Without the images, output each record below as it stands.

=== Section Start ===

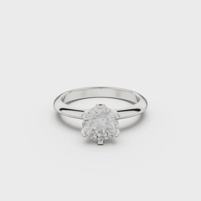 18K White Gold Six Prong Knife Edged Solitaire Engagement Ring
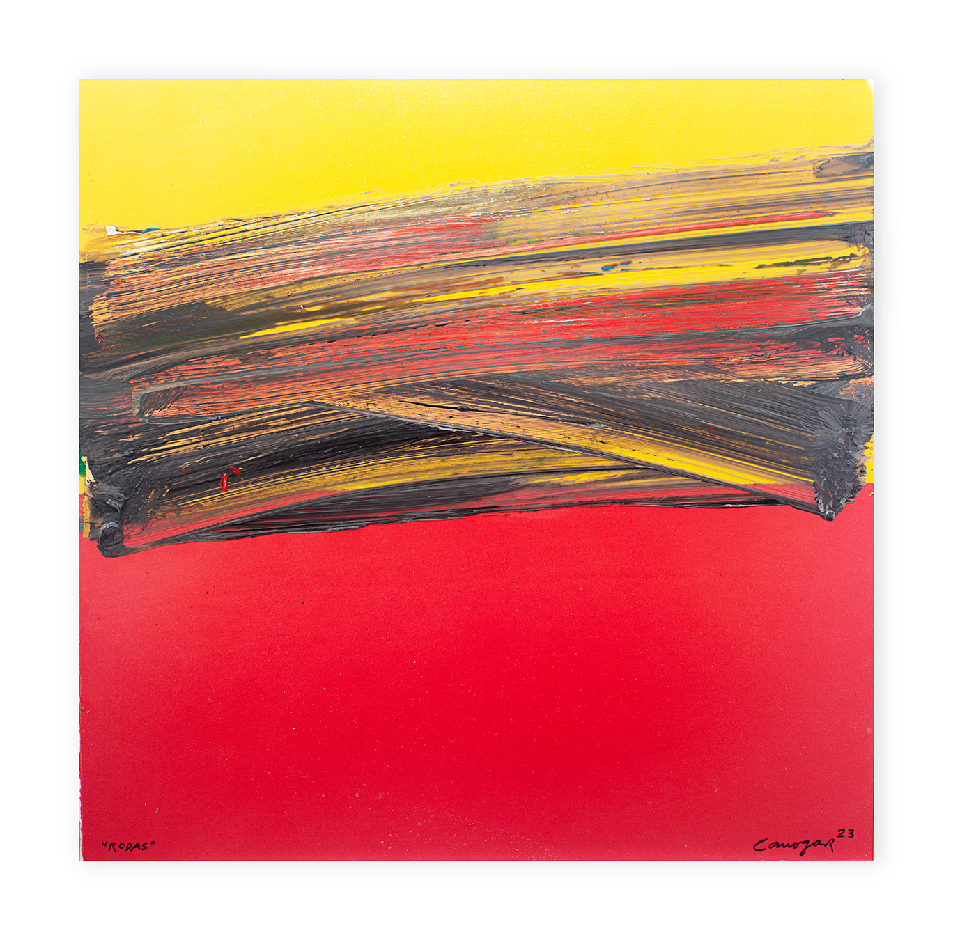 Firmado y fechado zona. inf. dcha.: “Canogar´23”; inscripción zona inf. izqda.: “RODAS”
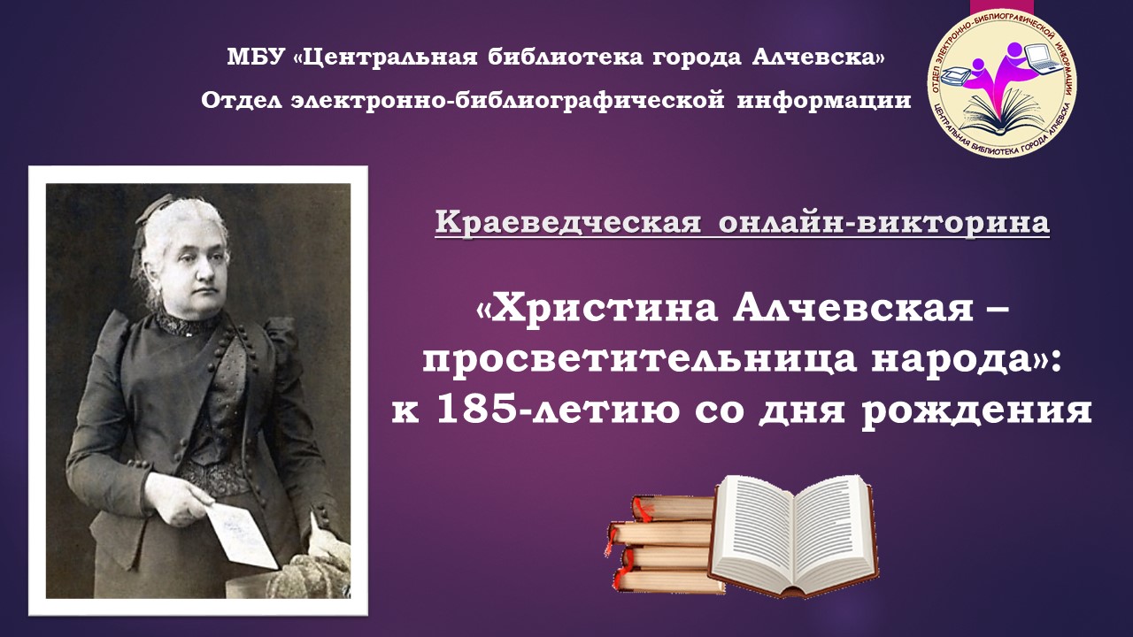 Краеведческая онлайн-викторина «Христина Алчевская – просветительница народа»: к 185-летию со дня рождения
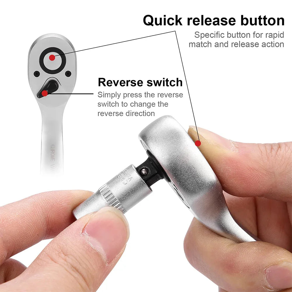 Comprend une large gamme de douilles, cliquets, clés, tournevis et embouts pour s’adapter à tous types de travaux : automobile, mécanique, plomberie ou bricolage domestique.
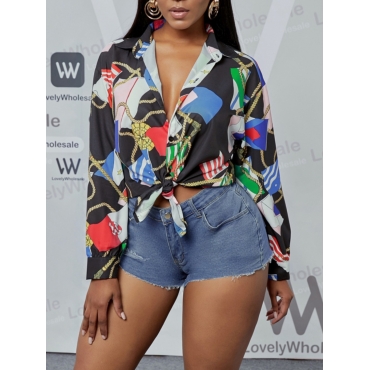 Lovely Casual Turndown Collar Print Patchwork Black Blouse
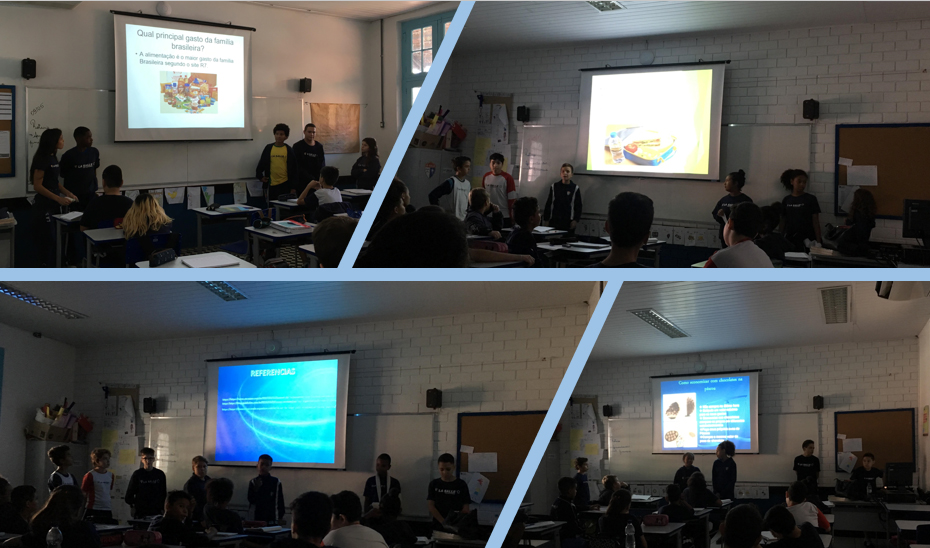 Os alunos dos 7°anos apresentaram ao grande grupo os principais gastos das famílias Brasileiras e relacionaram com o salário mínimo. Foi uma bela reflexão.
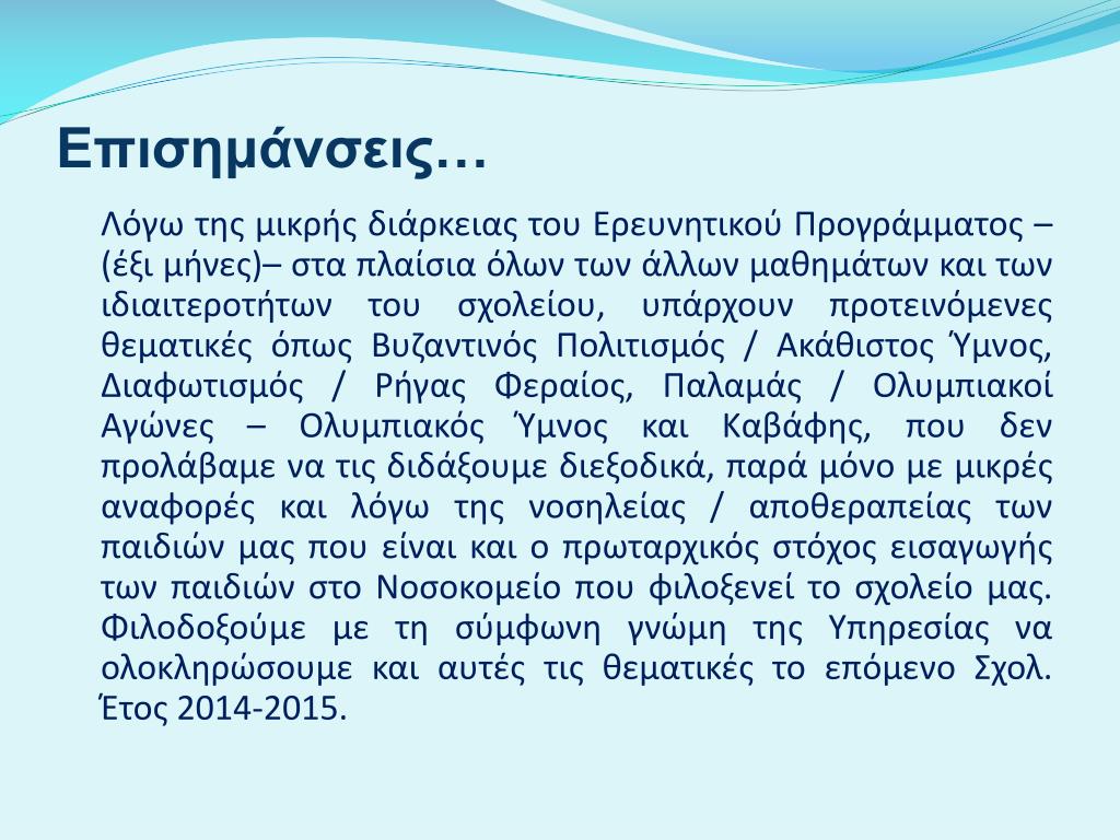 Επισημάνσεις… Λόγω της μικρής διάρκειας του Ερευνητικού Προγράμματος –(έξι μήνες)– στα πλαίσια όλων των άλλων μαθημάτων και των ιδιαιτεροτήτων του σχολείου, υπάρχουν προτεινόμενες θεματικές όπως Βυζαντινός Πολιτισμός / Ακάθιστος Ύμνος, Διαφωτισμός / Ρήγας Φεραίος, Παλαμάς / Ολυμπιακοί Αγώνες – Ολυμπιακός Ύμνος και Καβάφης, που δεν προλάβαμε να τις διδάξουμε διεξοδικά, παρά μόνο με μικρές αναφορές και λόγω της νοσηλείας / αποθεραπείας των παιδιών μας που είναι και ο πρωταρχικός στόχος εισαγωγής των παιδιών στο Νοσοκομείο που φιλοξενεί το σχολείο μας. Φιλοδοξούμε με τη σύμφωνη γνώμη της Υπηρεσίας να ολοκληρώσουμε και αυτές τις θεματικές το επόμενο Σχολ. Έτος 2014-2015.
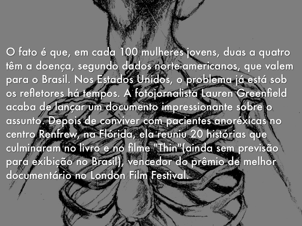 O fato é que, em cada 100 mulheres jovens, duas a quatro têm a doença, segundo dados norte-americanos, que valem para o Brasil. Nos Estados Unidos, o problema já está sob os refletores há tempos. A fotojornalista Lauren Greenfield acaba de lançar um documento impressionante sobre o assunto. Depois de conviver com pacientes anoréxicas no centro Renfrew, na Flórida, ela reuniu 20 histórias que culminaram no livro e no filme "Thin"(ainda sem previsão para exibição no Brasil), vencedor do prêmio de melhor documentário no London Film Festival.
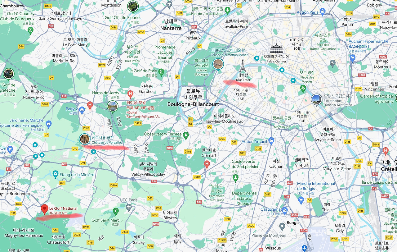 르 골프 나쇼날 골프장은 파리 중심부에서 서남쪽으로 1시간 정도 떨어져 있는 곳이다(2 Av. du Golf, 78280 Guyancourt, France).
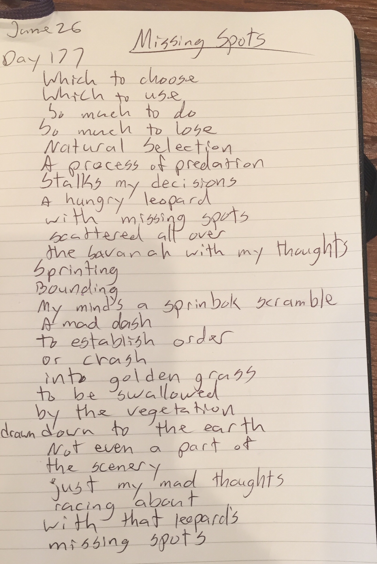 Once again inspiration struck when I didn’t have my notebook on me and I had to resort to writing yesterday’s poem on scrap paper. I transcribed it into my poetry notebook this morning before writing today’s poem.
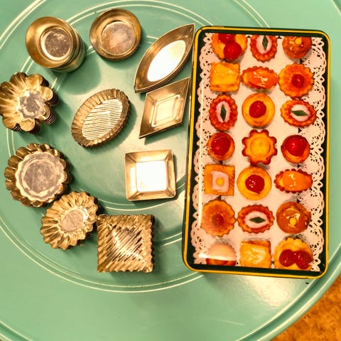 Atten pent brukte sandkakeformer med glatt overflate inni.
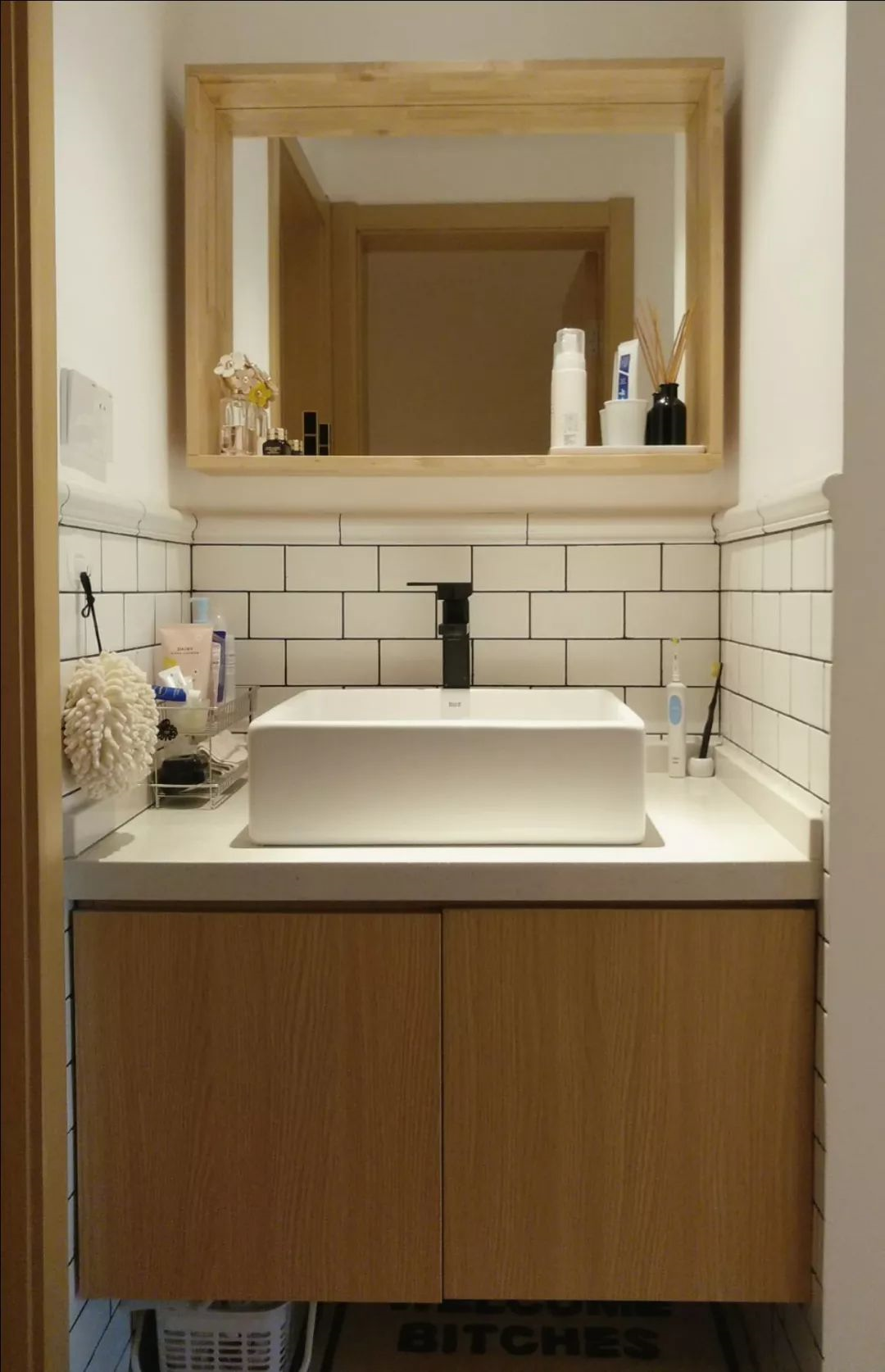 洗手臺(tái)被放在了門外,日常的使用就會(huì)方便許多。鏡子四周的框架剛好可以用來(lái)擺放洗漱用品,非常實(shí)用。
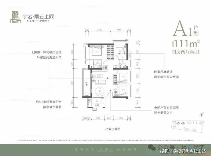 111㎡的4房2厅2卫,设计的是横厅南北通透格局,客餐厅5.6米开间,LDKB一体化,五开间朝南,4个卧室分别做到了3米/3米/2.9米/2.7米的宽度,客厅连接餐厅位出5.6米长的大阳台,L型厨房,公卫生三段式分离,得房率约76%(不含赠送),阳台主朝西南向
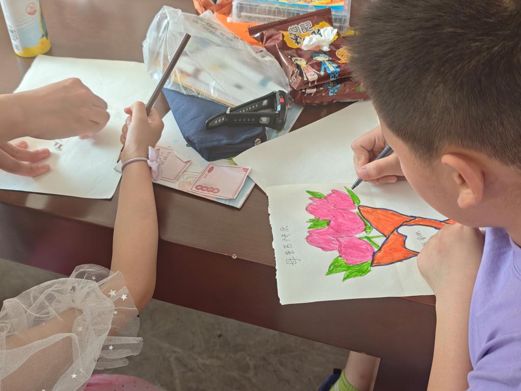 除了绘画教学,志愿者们还结合艺术专业特长,教孩子们学唱歌曲《小美满》。“我们小手拉大手,今天加油向昨天挥挥手.…..…”轻快的旋律中,孩子们在志愿者带领下逐句练习,并用手势舞表达对家庭温暖的感悟。6岁的圆圆兴奋地说:“回家要唱给妈妈听,她一定会开心!”社区家长李女士感动地表示:“孩子第一次独立准备礼物,这份心意比什么都珍贵。”
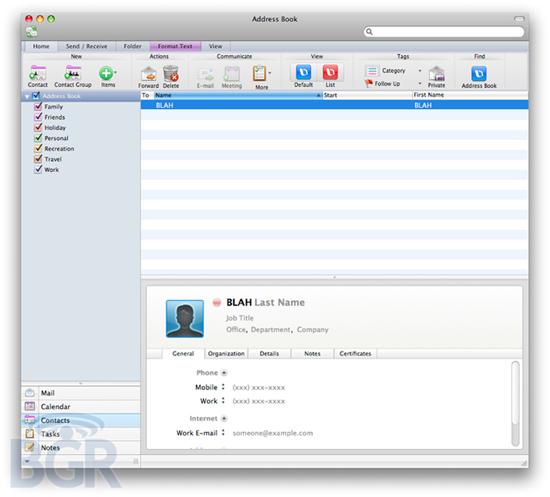 與微軟Office 2010的外觀非常相似,Office 2011 for Mac在一個應(yīng)用程序上都包括這個絲帶。這是微軟首次在用于Mac機的Office套裝軟件中提供Outlook程序。用于Windows和Mac機的Outlook軟件的外觀是一樣的,包括郵件預(yù)覽框、日歷、聯(lián)絡(luò)人、任務(wù)和備注等。

=== Section End ===

**EXERCISE ANSWER:**
 18K White Gold Six Prong Knife Edged Solitaire Engagement Ring
 Firmado y fechado zona. inf. dcha.: “Canogar´23”; inscripción zona inf. izqda.: “RODAS”
 Краеведческая онлайн-викторина «Христина Алчевская – просветительница народа»: к 185-летию со дня рождения
 Comprend une large gamme de douilles, cliquets, clés, tournevis et embouts pour s’adapter à tous types de travaux : automobile, mécanique, plomberie ou bricolage domestique.
 Lovely Casual Turndown Collar Print Patchwork Black Blouse
 Os alunos dos 7°anos apresentaram ao grande grupo os principais gastos das famílias Brasileiras e relacionaram com o salário mínimo. Foi uma bela reflexão.
 Επισημάνσεις… Λόγω της μικρής διάρκειας του Ερευνητικού Προγράμματος –(έξι μήνες)– στα πλαίσια όλων των άλλων μαθημάτων και των ιδιαιτεροτήτων του σχολείου, υπάρχουν προτεινόμενες θεματικές όπως Βυζαντινός Πολιτισμός / Ακάθιστος Ύμνος, Διαφωτισμός / Ρήγας Φεραίος, Παλαμάς / Ολυμπιακοί Αγώνες – Ολυμπιακός Ύμνος και Καβάφης, που δεν προλάβαμε να τις διδάξουμε διεξοδικά, παρά μόνο με μικρές αναφορές και λόγω της νοσηλείας / αποθεραπείας των παιδιών μας που είναι και ο πρωταρχικός στόχος εισαγωγής των παιδιών στο Νοσοκομείο που φιλοξενεί το σχολείο μας. Φιλοδοξούμε με τη σύμφωνη γνώμη της Υπηρεσίας να ολοκληρώσουμε και αυτές τις θεματικές το επόμενο Σχολ. Έτος 2014-2015.
 O fato é que, em cada 100 mulheres jovens, duas a quatro têm a doença, segundo dados norte-americanos, que valem para o Brasil. Nos Estados Unidos, o problema já está sob os refletores há tempos. A fotojornalista Lauren Greenfield acaba de lançar um documento impressionante sobre o assunto. Depois de conviver com pacientes anoréxicas no centro Renfrew, na Flórida, ela reuniu 20 histórias que culminaram no livro e no filme "Thin"(ainda sem previsão para exibição no Brasil), vencedor do prêmio de melhor documentário no London Film Festival.
 르 골프 나쇼날 골프장은 파리 중심부에서 서남쪽으로 1시간 정도 떨어져 있는 곳이다(2 Av. du Golf, 78280 Guyancourt, France).
 Once again inspiration struck when I didn’t have my notebook on me and I had to resort to writing yesterday’s poem on scrap paper. I transcribed it into my poetry notebook this morning before writing today’s poem.
 Atten pent brukte sandkakeformer med glatt overflate inni.
 洗手臺(tái)被放在了門外,日常的使用就會(huì)方便許多。鏡子四周的框架剛好可以用來(lái)擺放洗漱用品,非常實(shí)用。
 111㎡的4房2厅2卫,设计的是横厅南北通透格局,客餐厅5.6米开间,LDKB一体化,五开间朝南,4个卧室分别做到了3米/3米/2.9米/2.7米的宽度,客厅连接餐厅位出5.6米长的大阳台,L型厨房,公卫生三段式分离,得房率约76%(不含赠送),阳台主朝西南向
 除了绘画教学,志愿者们还结合艺术专业特长,教孩子们学唱歌曲《小美满》。“我们小手拉大手,今天加油向昨天挥挥手.…..…”轻快的旋律中,孩子们在志愿者带领下逐句练习,并用手势舞表达对家庭温暖的感悟。6岁的圆圆兴奋地说:“回家要唱给妈妈听,她一定会开心!”社区家长李女士感动地表示:“孩子第一次独立准备礼物,这份心意比什么都珍贵。”
 與微軟Office 2010的外觀非常相似,Office 2011 for Mac在一個應(yīng)用程序上都包括這個絲帶。這是微軟首次在用于Mac機的Office套裝軟件中提供Outlook程序。用于Windows和Mac機的Outlook軟件的外觀是一樣的,包括郵件預(yù)覽框、日歷、聯(lián)絡(luò)人、任務(wù)和備注等。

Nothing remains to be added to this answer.